There exist several efficient k-mer counting algorithms. If the available memory is very large, arrays with a straightforward k-mer indexing can be used for counting. As memory is limited, fast access hashing has become an alternate solution. Most of the currently available solutions engage this approach. Most of the existing algorithms also exploit the fact that the usage of unsigned integers instead of character strings simplifies the problem and facilitates the solution. Spurious k-mers can be easily removed by employing a bloom filter. A bloom filter is a space-efficient probabilistic data structure that can be used to search for the existence of an item in a set. Suffix tree based solutions are also popular.

We introduce a novel internal memory technique called k-mer Counter based on Multiple Burst Trees (KCMBT), which uses cache efficient burst tries to solve this problem.
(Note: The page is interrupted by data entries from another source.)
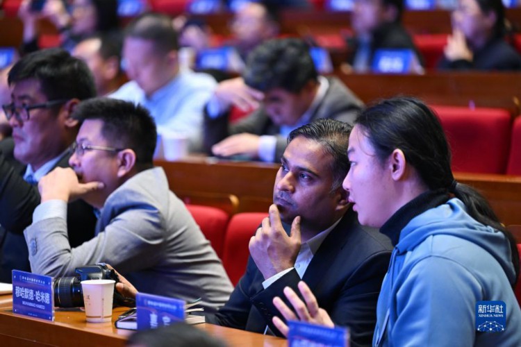 10月23日,与会外国学者在大会上聆听嘉宾发言。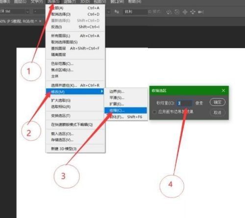 第三步:接着按住Ctrl,点击文字图层载入选区,然后点击选择→修改→收缩,选择3个像素,点击确定(如图所示)。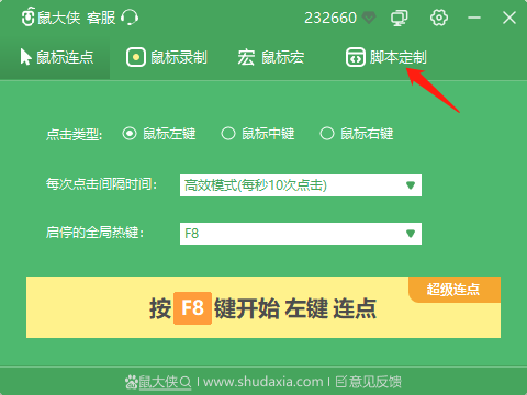 我们打开鼠大侠鼠标连点器,点击主界面上方模块栏中的“脚本定制”,点击后即可跳转至鼠大侠连点器的脚本定制网页,在网页中我们可以看到更多信息。
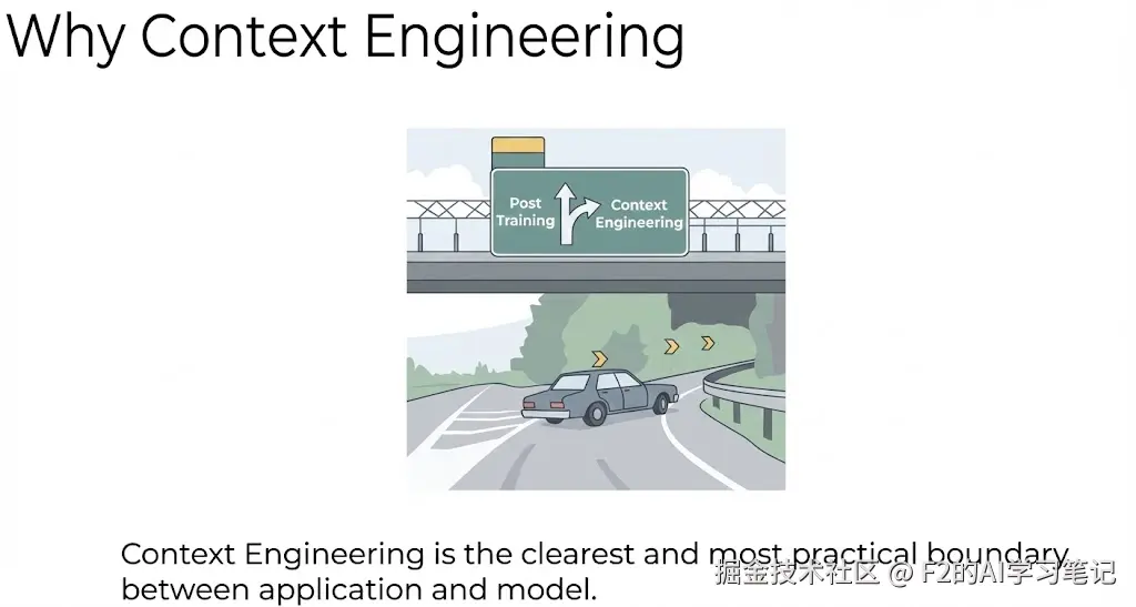 对于大多数应用开发者来说,“下高速”去往上下文工程 是更明智、更符合应用层开发逻辑的选择,而不是留在“后训练”的主干道上死磕模型训练。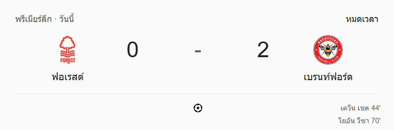 • จบเกม: เบรนท์ฟอร์ดบุกอัด ฟอเรสต์ 2-0 คว้า 3 แต้มล้ำค่ากลับบ้านไปอย่างเฉียบคม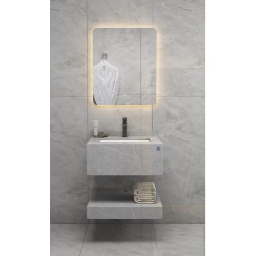 Artificial Marble Normal Basin with LED Mirror Size 60 cm, Leaden With White Veins Color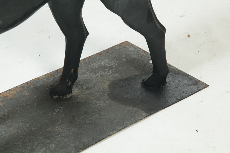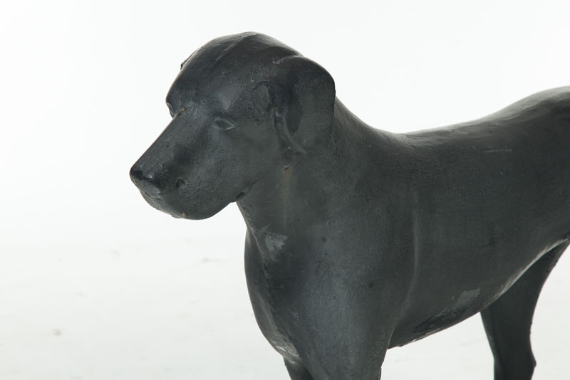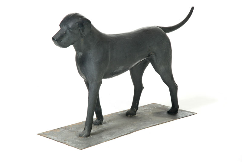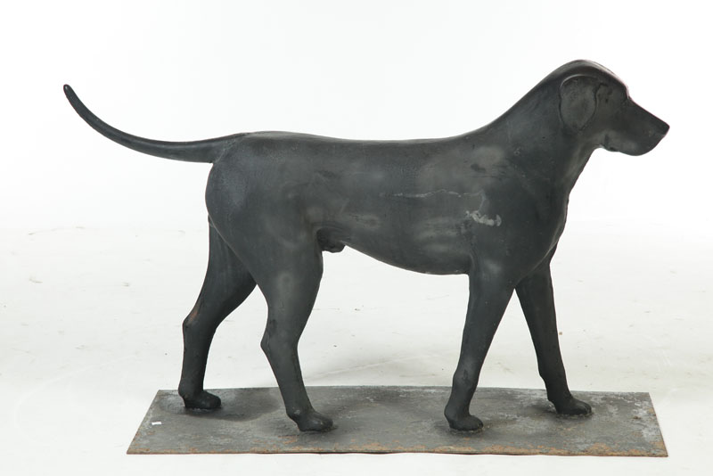 American, mid-19th century. Hunting dog with very good detail and old black repaint. Tail may have old soldered repair. Rectangular base. 29 1/2"h. 48"l.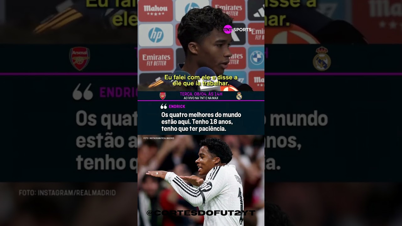 Eh, no dia a dia. Eu acompanho o Hendrick na na nas entrevistas e até dentro de campo fez gols por essa por essa temporada pelo Real Madrid, falando bem espanhol, fora dele, falando bem espanhol, se comunicando muito bem e com declarações pés no chão. Olha, eu sei onde eu tô, jogando num time que tem Vini Júnior, Bellenham, Mbappé.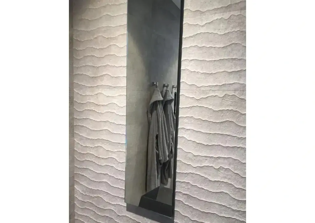 - Strefa prysznica – estetyczne, matowe wykończenie i relief tworzą efekt „ściany architektonicznej”.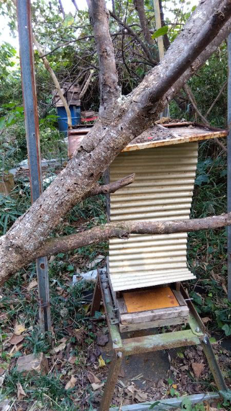 ⇧⇩ №1ニワトコ群、昨年4月23日自主入居。今夏1箱採蜜。 スズメ寄りつかない。

A burst trie is a trie in which a full node is split into multiple nodes to make space for insertion of new elements. This algorithm combines a number of powerful ideas to enable faster output. These ideas include utilization of burst tries to store k-mers, consideration of $(k + x)$ -mers and unifying a k-mer and its count in a single unit. Currently KCMBT is the fastest k-mer counting algorithm. Experimental results in conjunction with theoretical analysis establish our statement.

2 Related works

An obvious approach to k-mer counting is to use a hash table, where any k-mer is used as key and its count as value. If the available memory is very large, a simple array can be used to realize this hashing. On the other hand, simple hashing-based methods with limited memory suffer from large run times. Most of the available algorithms take advantage of multi-threading, out-of-core and locking optimizations to design efficient hash-based solutions.
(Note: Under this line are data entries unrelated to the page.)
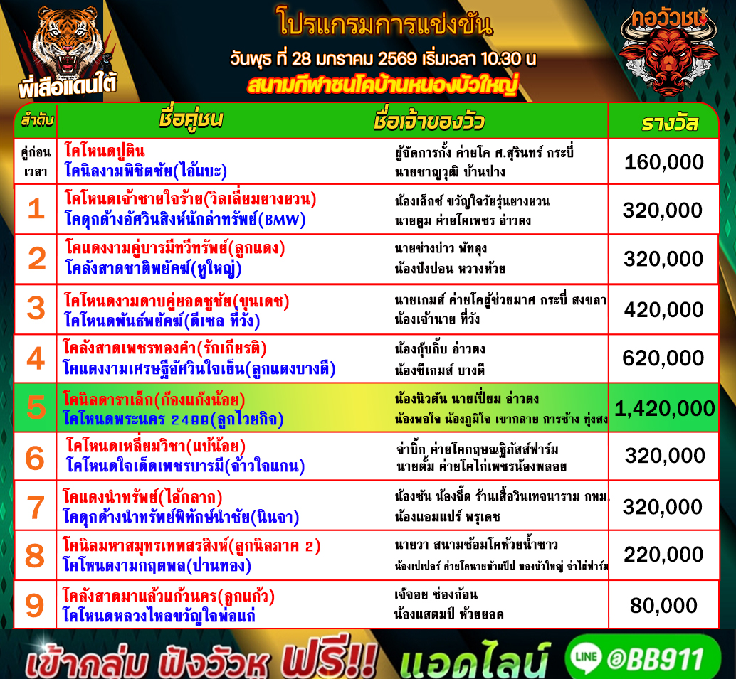 โปรแกรมวัวชน วันที่28/01/69 สนามชนโคบ้านหนองบัวใหญ่ คู่เอก เข้าเล่นวัวชนสด คลิ๊กhttps://line.me/R/ti/p/@bb911 หรือ@BB911 มีตัว@ข้างหน้ากันนะครับ admin03 27 มกราคม 2026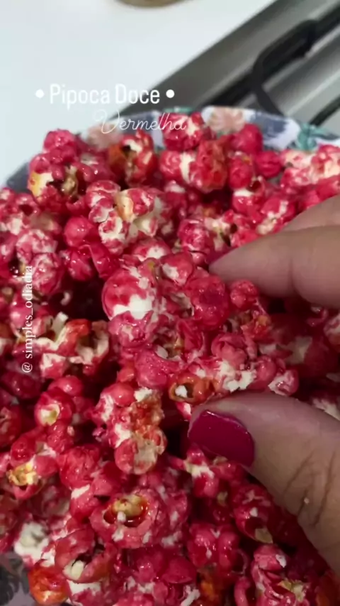 🍿 Pipoca Doce Vermelha ♥️ Gente vim mostrar pra vocês como eu faço a pipoca vermelha, que algumas pessoas me pediram. Você pode usar a cor que preferir . Eu utilizei a tradicional vermelhinha. 👉🏼 Ingredientes: • meia xícara de açúcar • meia xícara de milho para pipoca • meia xícara de água • 4 colheres sopa de óleo •• Corante alimentício na cor vermelho ( bem pouco) 👉🏼 coloca tudo na panela, mistura bem e liga o fogo. Prim • 📽 @confeitaria_receitas_dicas
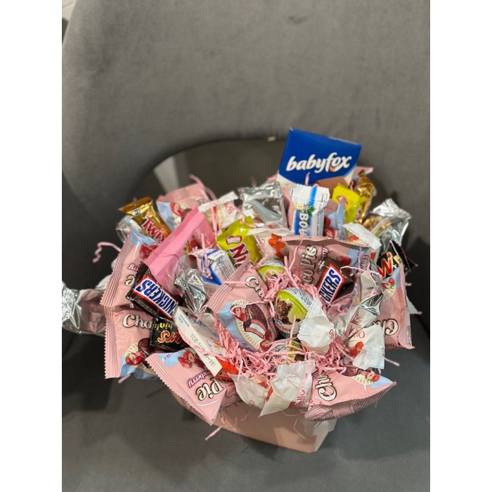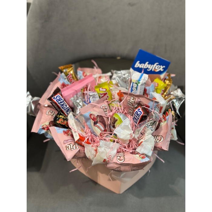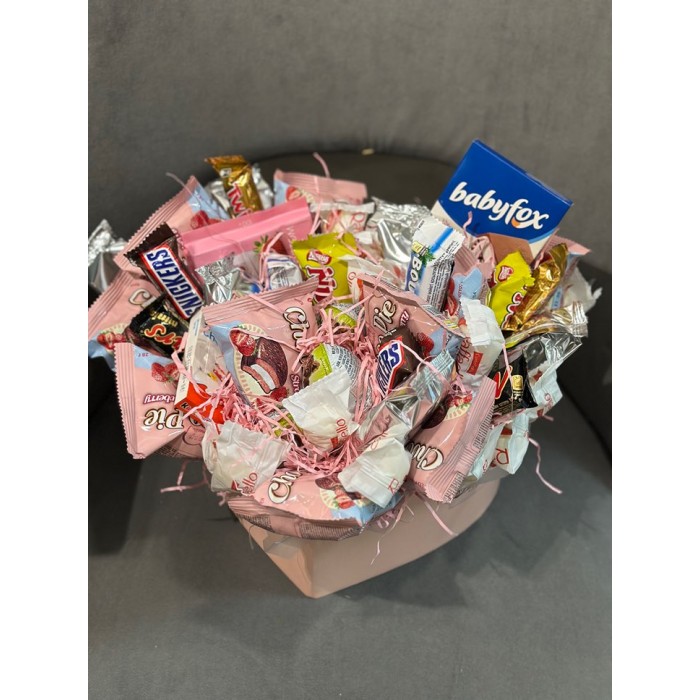 Сладкая композиция в коробке, выполненная из конфет, печенек, шоколадок. Красивая композиция, а главное вкусная.

Tallymer (Kurtz et al., 2008) engages enhanced suffix arrays to store k-mers. But it is computationally expensive, and its memory requirement is highly dependent on the genome size and its coverage.

Jellyfish (Marçais and Kingsford, 2011) introduces a multi-threaded, lock-free hash-table for k-mer counting. It exploits CAS (compare-and-swap) assembly instruction to access and update a memory location in a multi-threaded environment.

Single occurrence k-mers may be produced due to sequencing errors. Bloom filter (Bloom, 1970) is a good way to avoid counting most of these k-mers. Single-threaded BFCounter (Melsted and Pritchard, 2011) uses this probabilistic data structure to store more frequent k-mers in reduced memory. It employs hash tables to store k-mers occurring at least two times. Jellyfish is faster than BFCounter in experimental comparisons.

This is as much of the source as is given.